Then try to work back either Edge's or Chrome's approach to security to specific Safari features and design.
The Chrome security team is probably the most sophisticated software security team in the industry (lest you think I'm in the tank for Google, I'd say the iOS platform security team is a close 2nd --- and, to be clear: Safari is a different story on iOS).
If you don't have the kind of security Chrome provides, then in reality everyone can track you, because all they have to do to own up your machine is get you to look at a web page.
If that's true, then I'd rather go down fighting (no matter how futile that is) than willingly give up any more private information to Google. I think the time for pragmatism when it comes to privacy is long over.
I'm saying what I said: if your browser isn't adequately secure, all the anti-tracking features don't much matter, because the people you really need to worry about will be able to own up your entire machine and quietly persist themselves into it.
Google doesn't need backdoors into Chrome, in the same way that it's technically not cheating if you adjust the rules to fit your demands better than others (see f.i. AMP).
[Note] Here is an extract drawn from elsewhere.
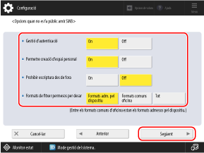 * Quan s'estableix en [On], no és possible connectar-se a l'Espai avançat des d'un sistema operatiu client que no admeti la comunicació amb xifratge SMB 3.0.

> because the people you really need to worry about
I think we disagree who to really worry about. I worry more about persistent low-level corporate surveillance more than hacker attacks because while the latter is more acute and can cause great financial harm, the former is whats going to damage my freedom and right to privacy once the government decides it wants to firehose all that data.
This post has lots of info about Chrome and Edge RCE defenses. Super informative on this front. But is surprising light on detail about what makes their sandbox more robust than Edge's. (I don't know near enough about the Edge sandbox to assess this claim for myself.)